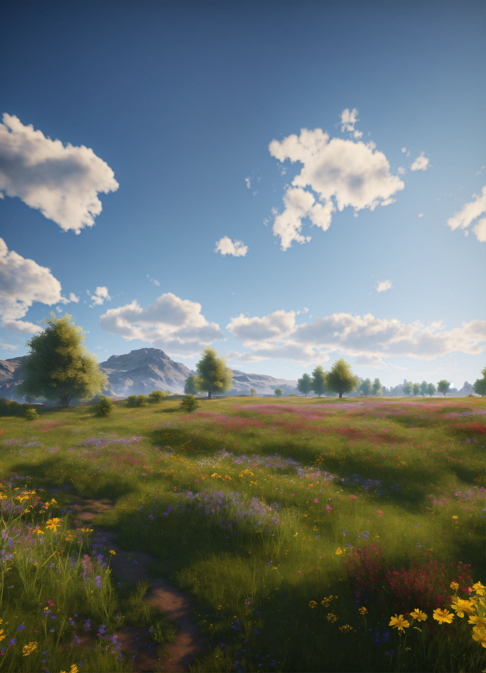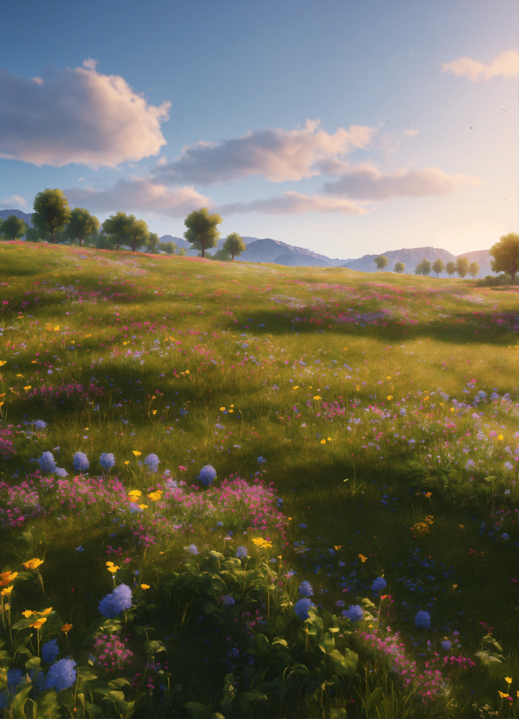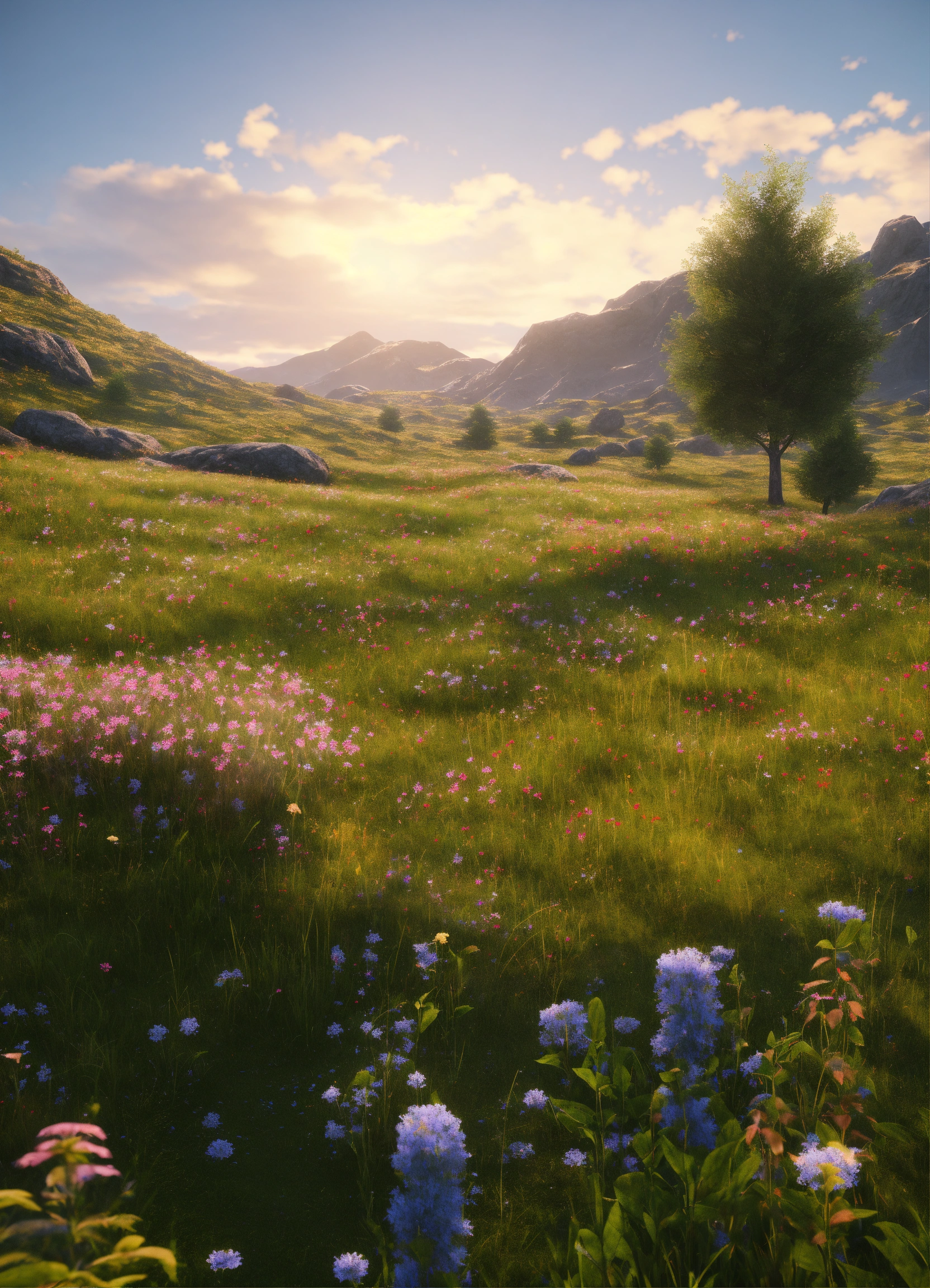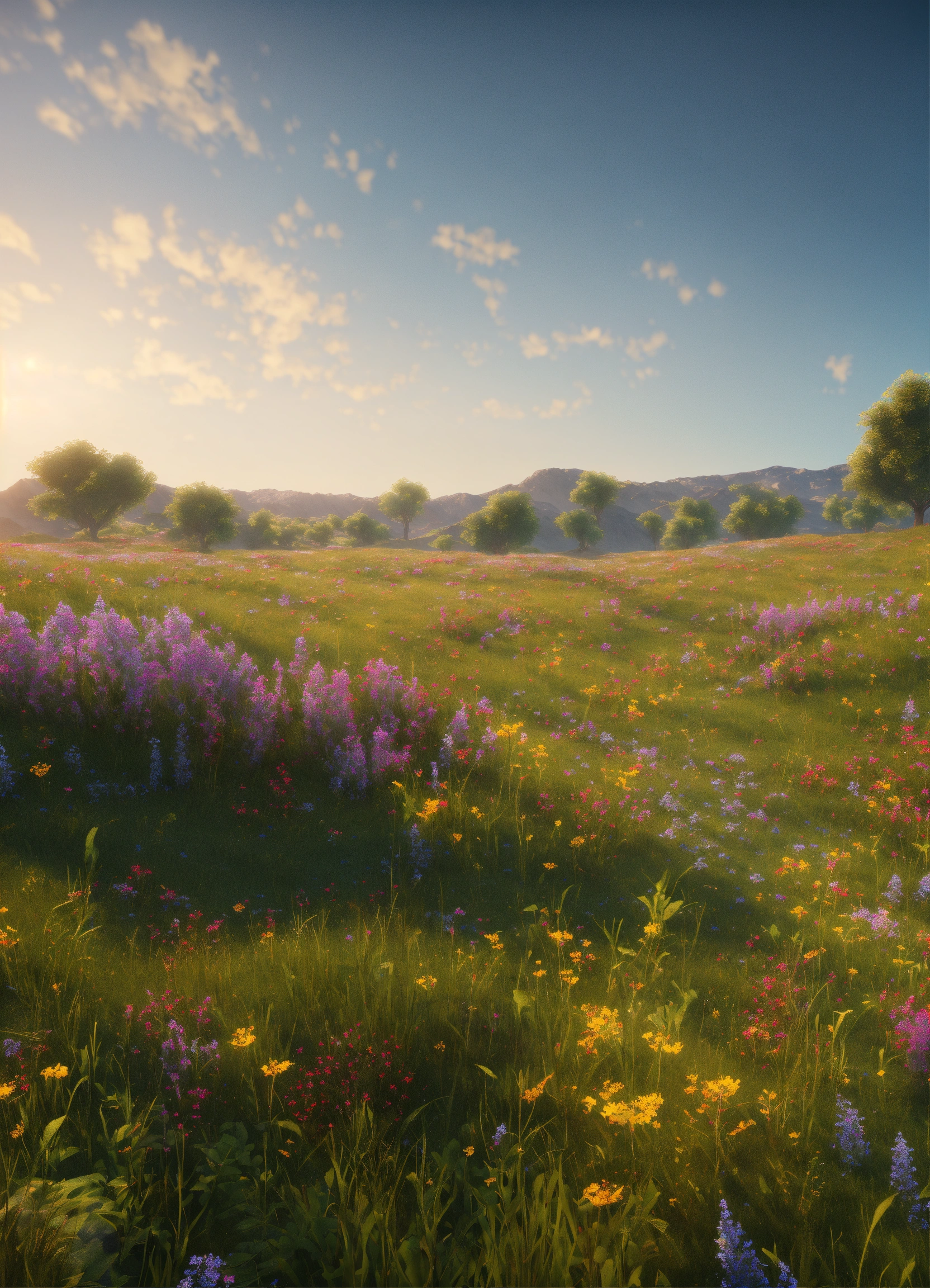 Large open field, lush grass, wildflowers, cright clear sky, realistic, highly detailed, unreal engine, 8k
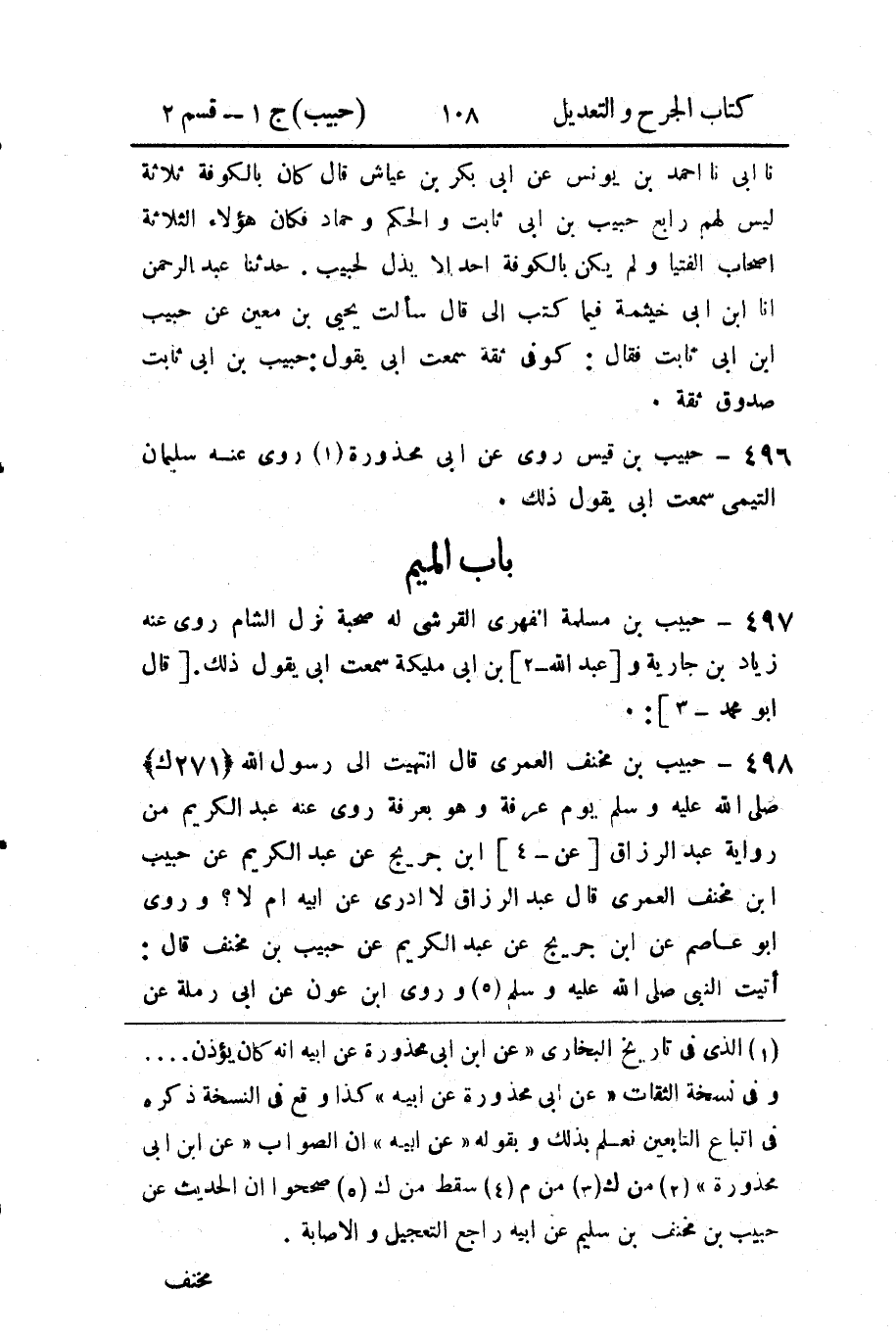 وروى أَبو عاصم، عَن ابن جُرَيج، عن عَبد الكريم، عن حبيب بن مخنف، قال: أتيت النَّبي صَلى الله عَليه وسَلم.
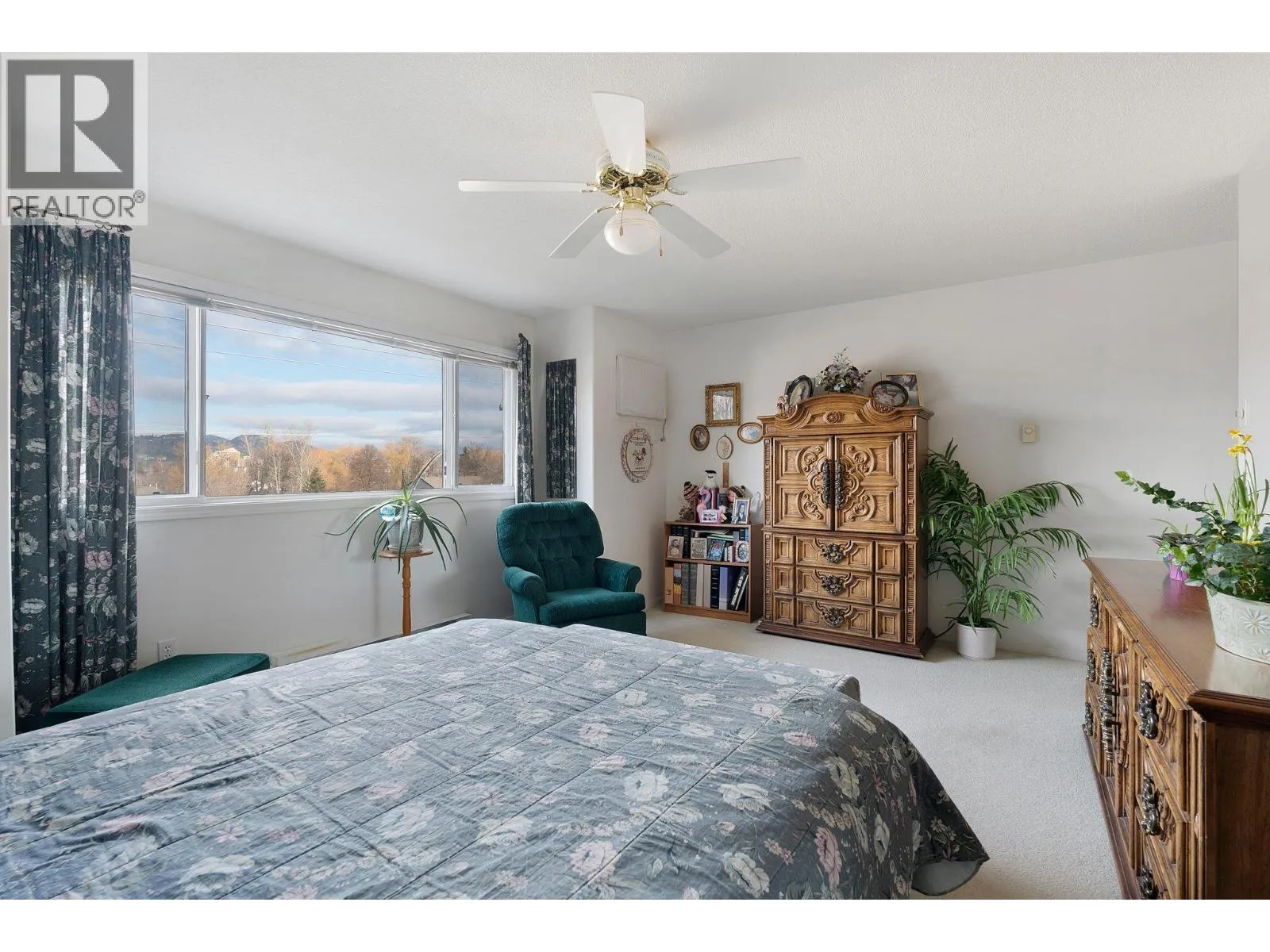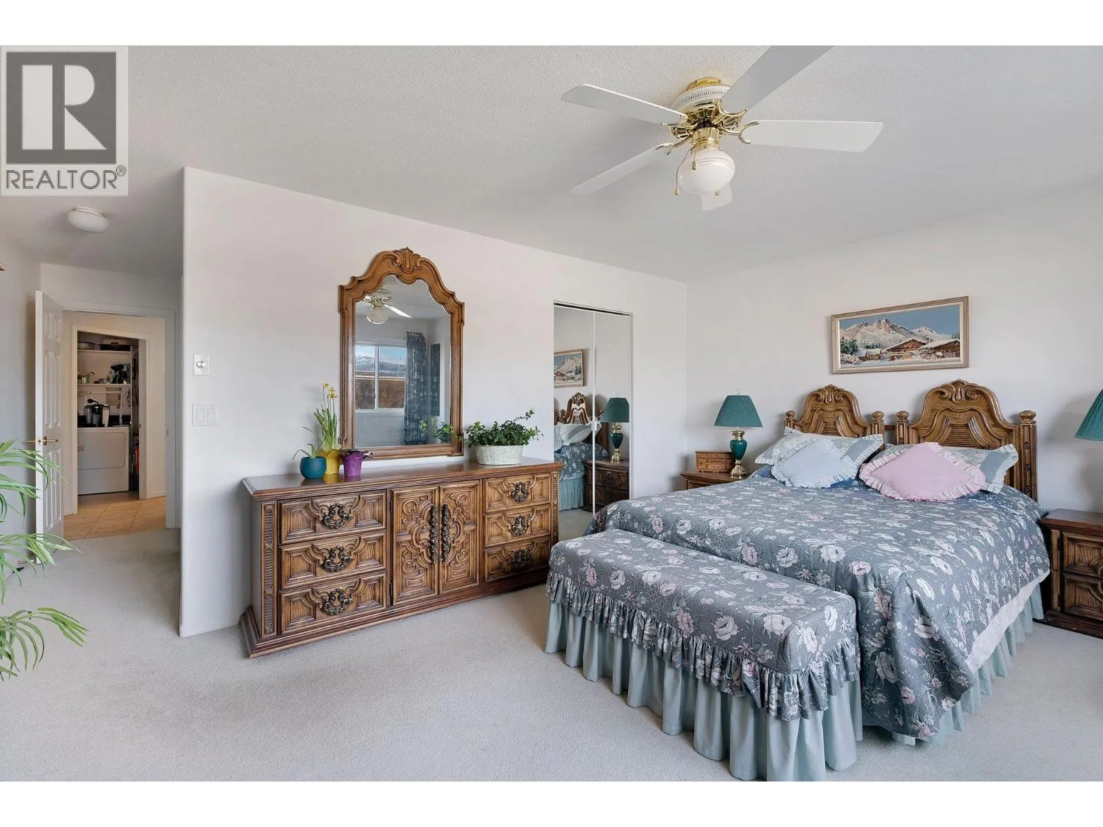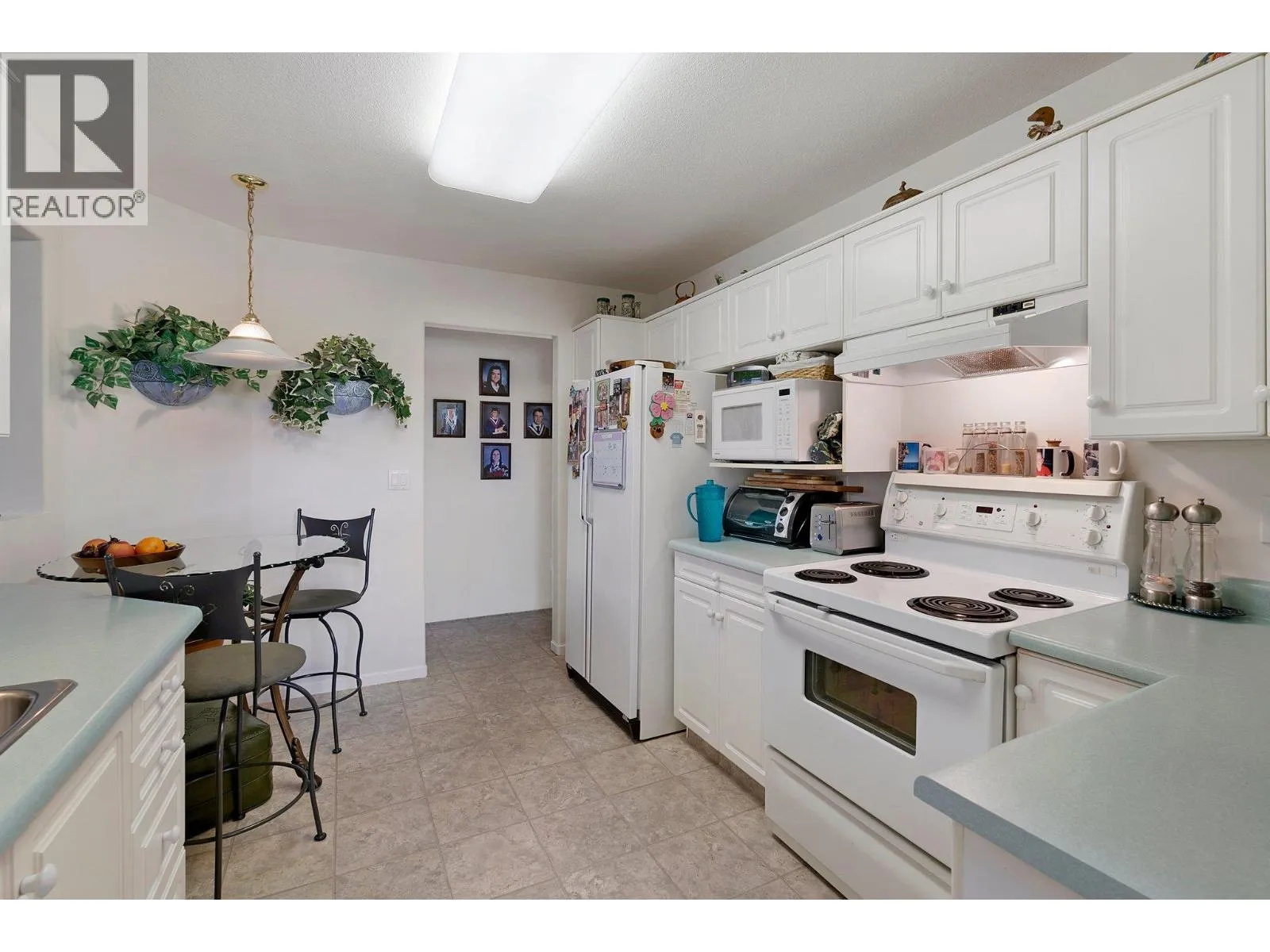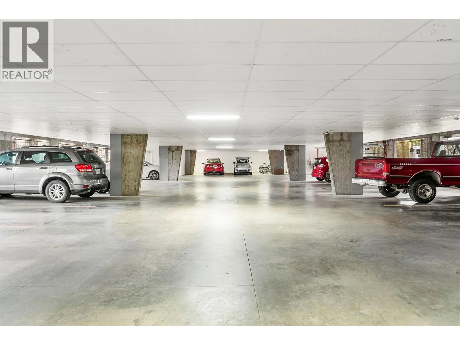 Top Floor Corner Unit. Vaulted ceilings in the living room and dining room, fireplace, very open and bright. Large primary bedroom with 4 pce ensuite and oversized walk-in closet. The second bedroom is next to a full bathroom separate from the primary bedroom. The kitchen has room for a table and two chairs. Two wall air- conditioners. The club house is very comfortable and has a pool table and shuffleboard, big screen TV, kitchen. There is a guest suite and gym. Outside is a BBQ area and gardening plots. Just a short walk to shops, restaurants and the Capri Mall. Secured parking plus a workshop. Pets: one dog 14 inches at shoulder or one cat. (id:27476)
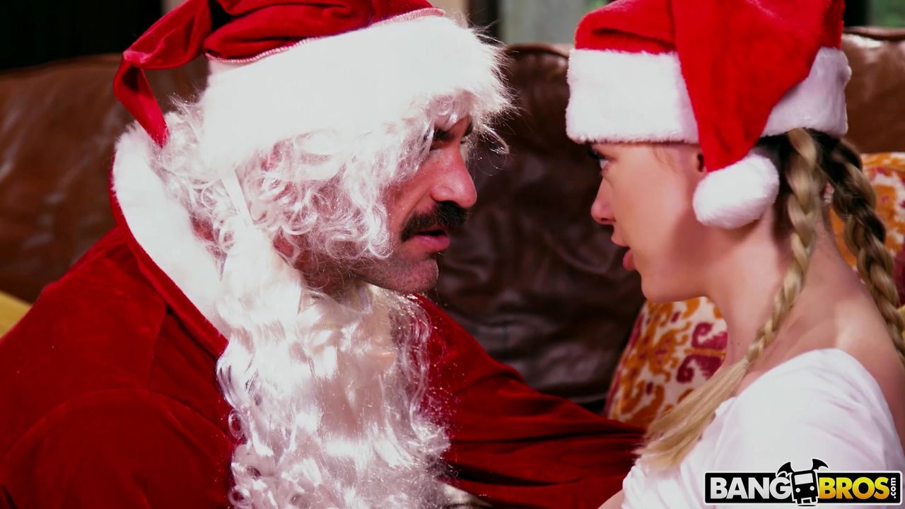 Aquele fodido Papai Noel vai se jogar em uma loirinha, vai saborear sua rica buceta de jovem e dar-lhe estocadas de pau sem saber que ela já não é virgem.

→ **YOUR TASK**
Each word of the data should be repeated exactly, and the pictures left out.

→ **THE COMPLETED TASK**
 Large open field, lush grass, wildflowers, cright clear sky, realistic, highly detailed, unreal engine, 8k
 وروى أَبو عاصم، عَن ابن جُرَيج، عن عَبد الكريم، عن حبيب بن مخنف، قال: أتيت النَّبي صَلى الله عَليه وسَلم.
 Top Floor Corner Unit. Vaulted ceilings in the living room and dining room, fireplace, very open and bright. Large primary bedroom with 4 pce ensuite and oversized walk-in closet. The second bedroom is next to a full bathroom separate from the primary bedroom. The kitchen has room for a table and two chairs. Two wall air- conditioners. The club house is very comfortable and has a pool table and shuffleboard, big screen TV, kitchen. There is a guest suite and gym. Outside is a BBQ area and gardening plots. Just a short walk to shops, restaurants and the Capri Mall. Secured parking plus a workshop. Pets: one dog 14 inches at shoulder or one cat. (id:27476)
 Aquele fodido Papai Noel vai se jogar em uma loirinha, vai saborear sua rica buceta de jovem e dar-lhe estocadas de pau sem saber que ela já não é virgem.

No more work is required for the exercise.